Task item | Copy exactly the stretch of data below from the line with "Najlepsze życzenia z" through the line with "From the Temple", including both of those lines.

Material supplied |
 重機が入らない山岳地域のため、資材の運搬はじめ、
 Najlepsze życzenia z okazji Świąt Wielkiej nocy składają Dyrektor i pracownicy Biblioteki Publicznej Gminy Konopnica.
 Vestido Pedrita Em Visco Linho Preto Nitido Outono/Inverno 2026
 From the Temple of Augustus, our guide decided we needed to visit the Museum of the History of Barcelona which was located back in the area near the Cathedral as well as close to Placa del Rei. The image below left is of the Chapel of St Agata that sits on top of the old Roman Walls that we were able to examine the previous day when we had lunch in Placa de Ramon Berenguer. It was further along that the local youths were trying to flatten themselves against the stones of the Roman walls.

...

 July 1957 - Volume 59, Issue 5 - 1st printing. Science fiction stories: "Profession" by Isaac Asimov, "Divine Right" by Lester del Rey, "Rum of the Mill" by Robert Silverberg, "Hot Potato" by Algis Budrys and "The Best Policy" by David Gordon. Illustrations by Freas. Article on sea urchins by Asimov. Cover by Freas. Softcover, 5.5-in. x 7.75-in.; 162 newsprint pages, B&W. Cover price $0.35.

Solution for this exercise |
 Najlepsze życzenia z okazji Świąt Wielkiej nocy składają Dyrektor i pracownicy Biblioteki Publicznej Gminy Konopnica.
 Vestido Pedrita Em Visco Linho Preto Nitido Outono/Inverno 2026
 From the Temple of Augustus, our guide decided we needed to visit the Museum of the History of Barcelona which was located back in the area near the Cathedral as well as close to Placa del Rei. The image below left is of the Chapel of St Agata that sits on top of the old Roman Walls that we were able to examine the previous day when we had lunch in Placa de Ramon Berenguer. It was further along that the local youths were trying to flatten themselves against the stones of the Roman walls.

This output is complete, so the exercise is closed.